Task directions: Below are records to be transcribed exactly; any pictures should be left out.

[Dataset excerpts Boundary: Start]

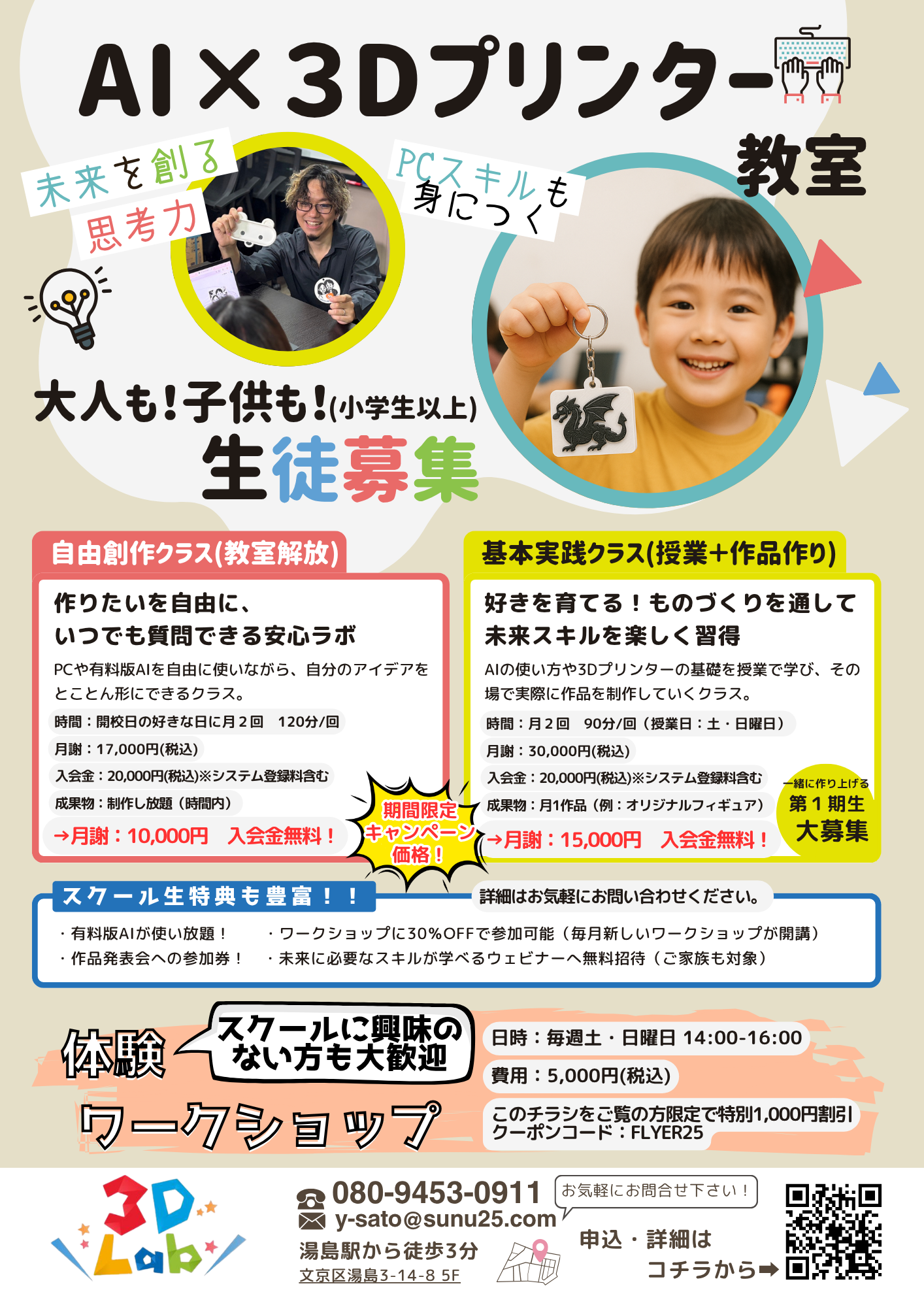 3DLab(東京・湯島)は、生成AIと3Dプリンターを融合させた楽しく学べるスクールです。
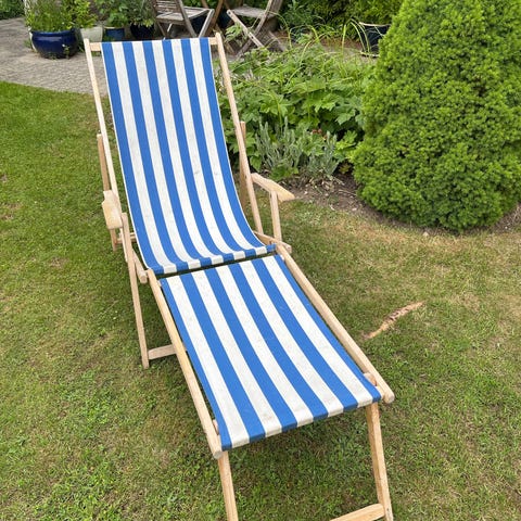 Liggestol i træ med grå polstret tekstilsæde. Stolen har justerbar ryglænsvinkel og sammenklappeligt stel, som gør den velegnet til brug på terrasse, altan eller i haven. Trærammen fremstår med varm træfinish, og sædet er opdelt i polstrede sektioner for øget komfort.
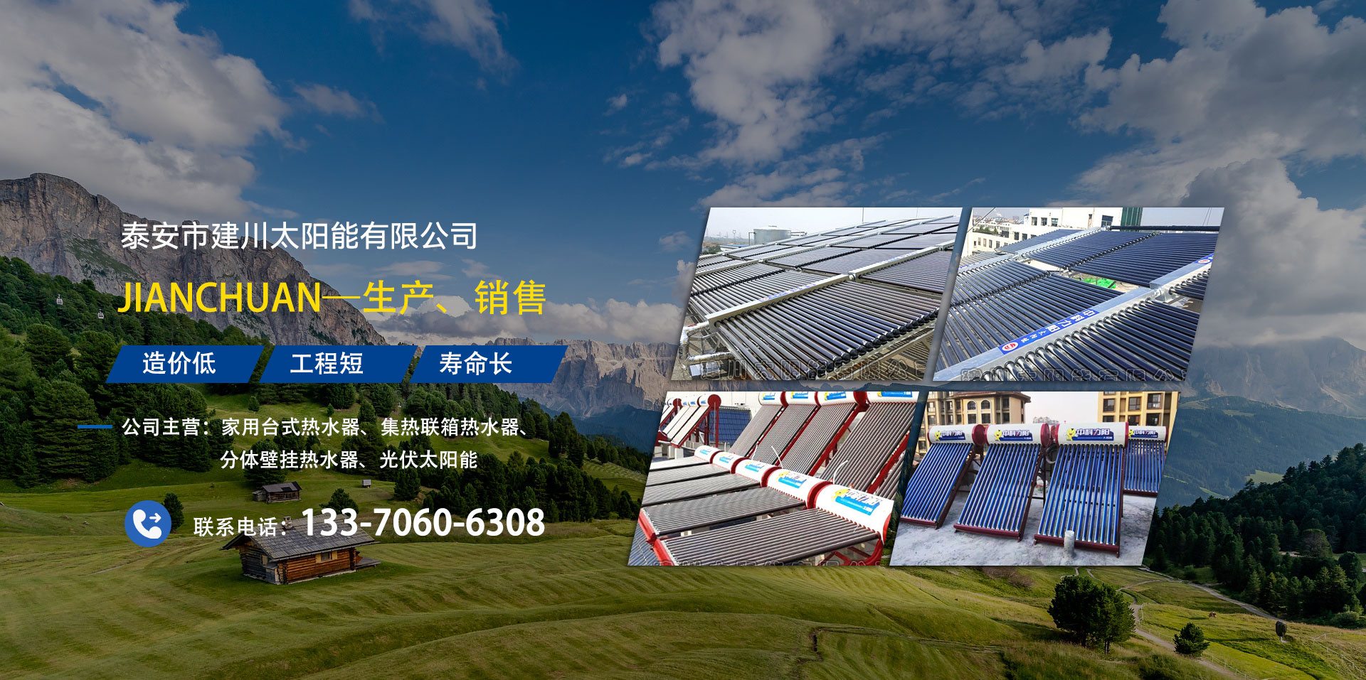泰安市建川太陽能有限公司是一家從事太陽能系列產(chǎn)品及工程聯(lián)箱類產(chǎn)品的生產(chǎn).銷售為一體的企業(yè),企業(yè)設(shè)備性能優(yōu)良
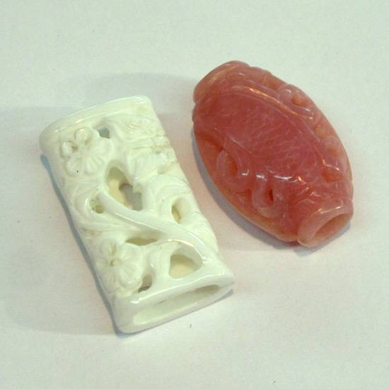 These carvings are made out of pink opal and shell. They are in an oriental antique style caving. Suitable for making any kinds of jewellery use.
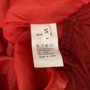 Red Camouflage Lightweight Bomber Jacket Long Ruffled Mesh Open Front SZ Small
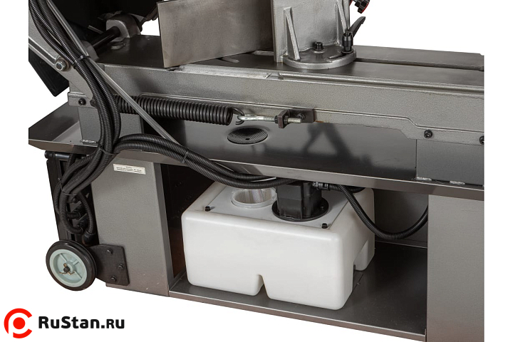 Моторная группа состоит из мощного электродвигателя - 1,1 кВт, обеспечивающего стабильную работу ленточного станка в различных скоростных режимах. Ременная передача позволяет осуществлять пиление заготовок на скоростях движения ленточного полотна в 26, 50, 73 и 95 м/мин. Управление работой станка осуществляется с пульта управления, установленного на консоли. Оборудование оснащено кнопкой аварийной остановки.
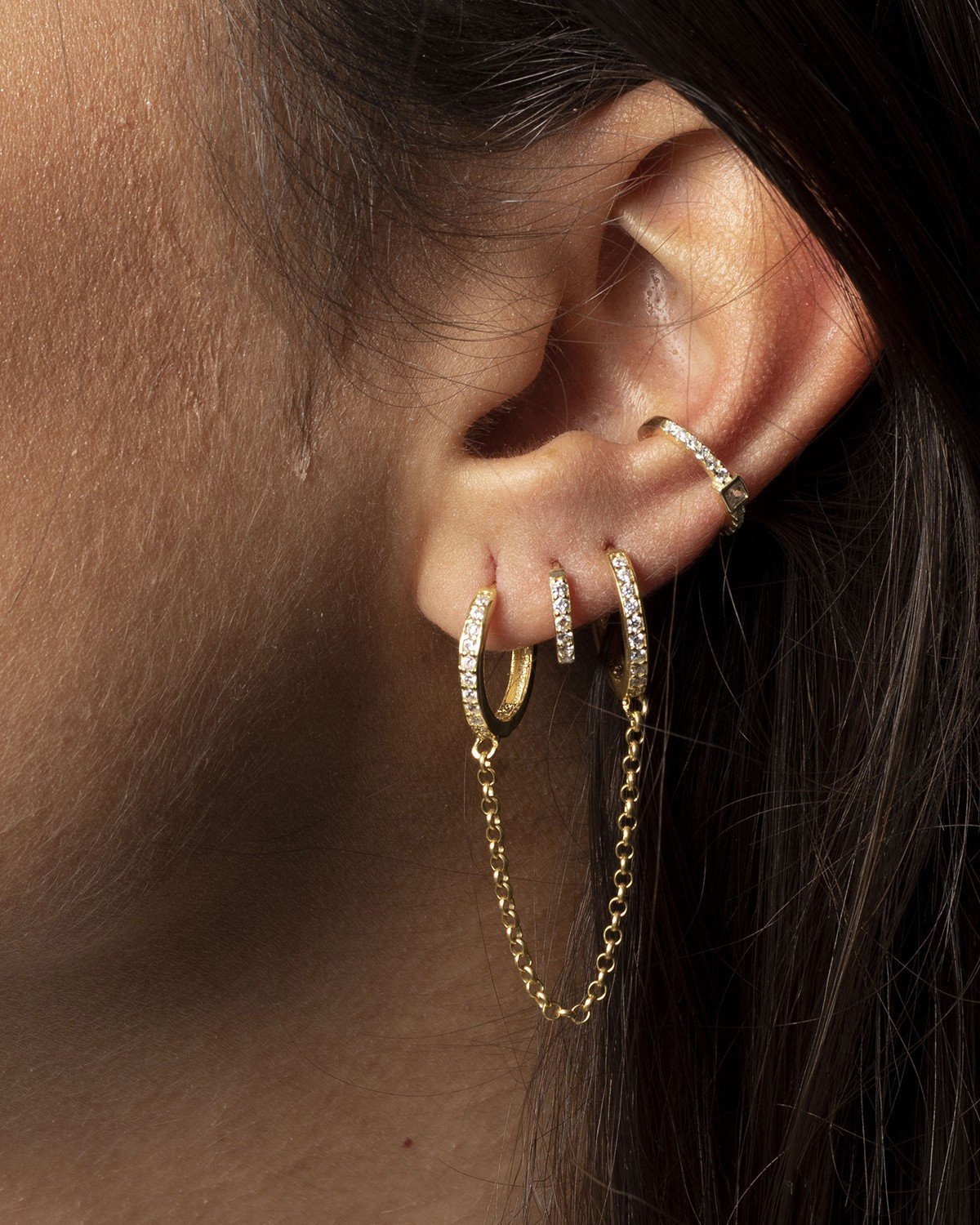 El Pendiente de Aro Doble con Cadena combina diseño contemporáneo y brillo, con dos aros de plata de ley 925 chapada en oro de 18 kilates conectados por una cadena decorativa con zirconitas brillantes. Es ideal para quienes tienen dos perforaciones en la oreja y buscan destacar con un accesorio único.
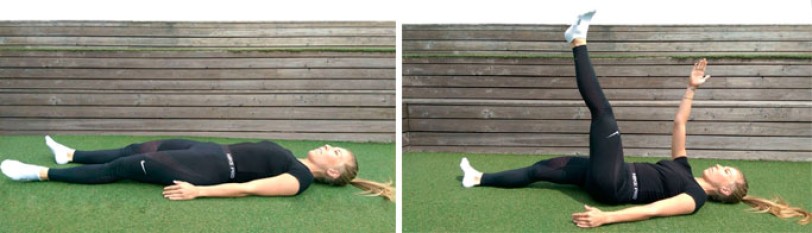 Løft højre arm og venstre ben mod loftet (benet må gerne være let bukket)
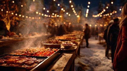 Large winter holiday cookout with grilled meats and vegetables on snowy night with festive lighting
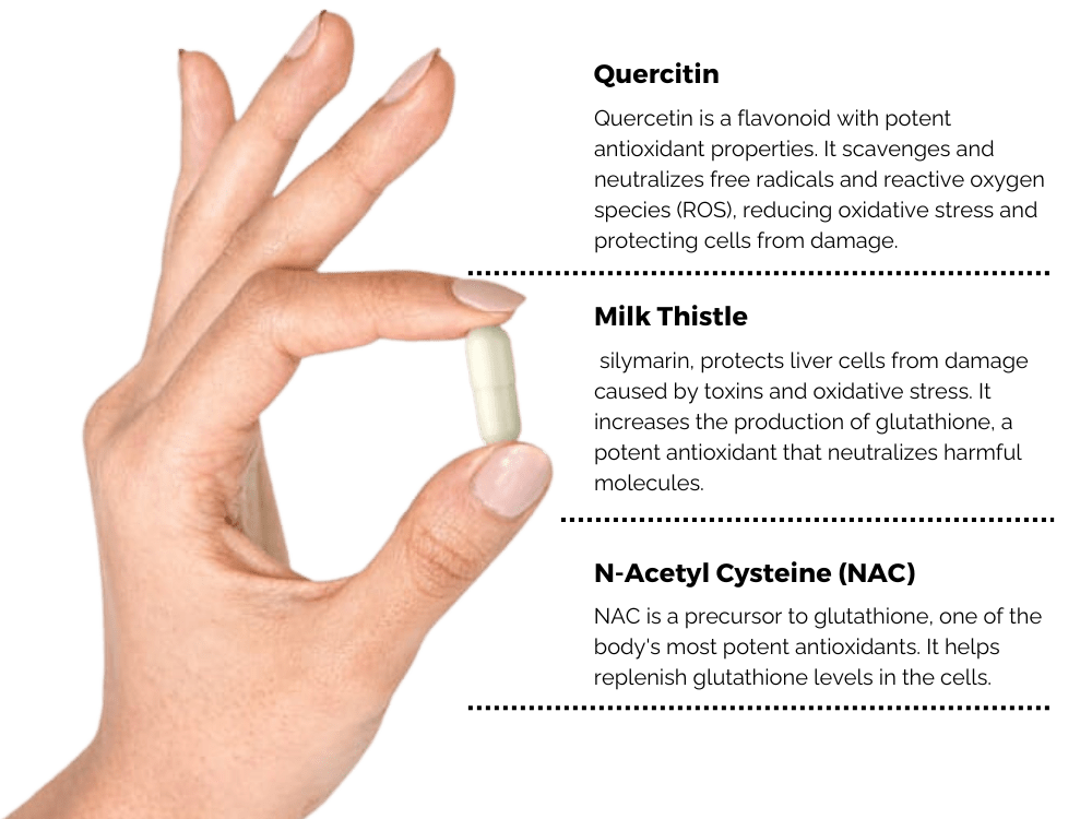 Our formula has Quercetin, Milk Thistle, Molybdenum, and Selenium to restore intracellular levels of Glutathione, deliver antioxidant mitochondria support, reduce liver damage from contaminants, and detox & cleanse the body.

[Dataset excerpts Boundary: End]

Reply to the task:
 3DLab(東京・湯島)は、生成AIと3Dプリンターを融合させた楽しく学べるスクールです。
 Liggestol i træ med grå polstret tekstilsæde. Stolen har justerbar ryglænsvinkel og sammenklappeligt stel, som gør den velegnet til brug på terrasse, altan eller i haven. Trærammen fremstår med varm træfinish, og sædet er opdelt i polstrede sektioner for øget komfort.
泰安市建川太陽能有限公司是一家從事太陽能系列產(chǎn)品及工程聯(lián)箱類產(chǎn)品的生產(chǎn).銷售為一體的企業(yè),企業(yè)設(shè)備性能優(yōu)良
 These carvings are made out of pink opal and shell. They are in an oriental antique style caving. Suitable for making any kinds of jewellery use.
 Red Camouflage Lightweight Bomber Jacket Long Ruffled Mesh Open Front SZ Small
 Моторная группа состоит из мощного электродвигателя - 1,1 кВт, обеспечивающего стабильную работу ленточного станка в различных скоростных режимах. Ременная передача позволяет осуществлять пиление заготовок на скоростях движения ленточного полотна в 26, 50, 73 и 95 м/мин. Управление работой станка осуществляется с пульта управления, установленного на консоли. Оборудование оснащено кнопкой аварийной остановки.
 El Pendiente de Aro Doble con Cadena combina diseño contemporáneo y brillo, con dos aros de plata de ley 925 chapada en oro de 18 kilates conectados por una cadena decorativa con zirconitas brillantes. Es ideal para quienes tienen dos perforaciones en la oreja y buscan destacar con un accesorio único.
 Løft højre arm og venstre ben mod loftet (benet må gerne være let bukket)
 Large winter holiday cookout with grilled meats and vegetables on snowy night with festive lighting
 Our formula has Quercetin, Milk Thistle, Molybdenum, and Selenium to restore intracellular levels of Glutathione, deliver antioxidant mitochondria support, reduce liver damage from contaminants, and detox & cleanse the body.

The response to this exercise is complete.